Stefani Reynolds/Bloomberg

Independent studies project the bill would have a limited impact on inflation despite the name Democrats gave it. A new Penn Wharton study of the bill found that it would reduce inflation by 0.1 percentage points after five years and have no impact after 2028. In the near term, effects would have upward pressure on inflation but be “too small” to be measured by the government.

For middle-class Obamacare enrollees and seniors with expensive prescription drugs the effect will be most immediate. 

Republicans argue that imposing new taxes on business could worsen a looming recession likely to be provoked by the Federal Reserve raising interest rates to fight inflation. GOP lawmakers, who blame historic inflation on last year’s stimulus bill, argue the bill’s tax credits for pricey electric vehicles are a giveaway to the upper-middle class while the drug provision stifles innovation in the pharmaceutical industry. 

“Democrats are desperate for any win, even one that slows the economy and crushes businesses” Republican Representative Kevin Brady of Texas said.

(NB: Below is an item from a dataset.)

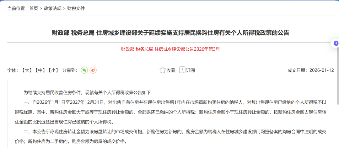 1月14日,财政部、税务总局、住房城乡建设部发布《关于延续实施支持居民换购住房有关个人所得税政策的公告》(以下简称"公告")表示,为继续支 持居民改善住房条件,延续实施支持居民换购住房有关个人所得税政策。 公告显示,自2026年1月1日至2027年12月31日,对出售自有住房并在现住房出售后1年内在市场重新购买住房的纳税人,对其出售现住房已缴纳的个人所 得税予以退税优惠。 其中,新购住房金额大于或等于现住房转让金额的,全部退还已缴纳的个人所得税。 新购住房金额小于现住房转让金额的,按新购住房金额占现住房转让金额的比例退还出售现住房已缴纳的个人所得税。 记者了解到,换房退个税政策于2022年9月30日落地,并在2023年8月延期至2025年12月31日,本次为第二次延期。此次三部门发文将退税政策延期至2027 年底,意在继续支持改善性住房需求,支持居民改善住房条件。 "该政策自推出以来续期了两次,反映出政策对市场持续的纾困力度。希望通过降低交易成本,从而涵养税源,促进市场交易活跃度提升,带动总税收的 稳定。同时,降税也有利于从交易成本来稳定市场情绪。"广东省城乡规划院住房政策研究中心首席研究员李宇嘉分析称。 中 ...

He said the GOP will work to repeal the tax increases and drug price changes if the party wins the House next year and try to shift the additional IRS funding in the bill toward customer service rather than ramped up auditing. 

Democrats said they will seek to pass elements of Biden’s social agenda that did not make it into the final version of the bill next year if they keep the House and expand their Senate majority.  They said they will once again try to expand Medicare and Medicaid, boost child tax credits and childcare subsidies and provide paid family leave. On Friday Ways and Means Chairman Richard Neal said Democrats will also look to raise the corporate tax rate and top individual tax rate paid by the wealthy next year. 

Key effects on business in the bill that passed the House include:

  • A 15% minimum tax on corporations with over $1 billion in revenue, with exceptions made for accelerated depreciation and for subsidiaries of private equity starting in 2023, to raise $222 billion;
  • A 1% excise tax on stock buybacks, effective Jan. 1, to raise $74 billion;
  • An $80 billion boost to the Internal Revenue Service budget to hire more agents, upgrade technology in order to boost revenue collection;
  • An extension of loan loss limitation tax breaks from the Trump tax package;
  • New Superfund taxes on oil companies;
  • Drug prices negotiated by Medicare for the first time, with a tax penalty imposed on drug companies failing to abide by new prices; price negotiations begin in 2026 with 10 high-priced drugs; penalties imposed for price increases in sales to Medicare;
  • A $2,000 per year cap on out-of-pocket costs for seniors enrolled in a Medicare drug plan;
  • Approximately $374 billion in energy and climate-related provisions including tax incentives for green energy projects, a $7,500 tax credit for purchasing new electric vehicles and $4,000 credit for used EVs. Limits imposed on supply chain sourcing for EVs that qualify; and
  • A three-year extension of subsidies for Obamacare premiums, preventing expiration of subsidies in 2023.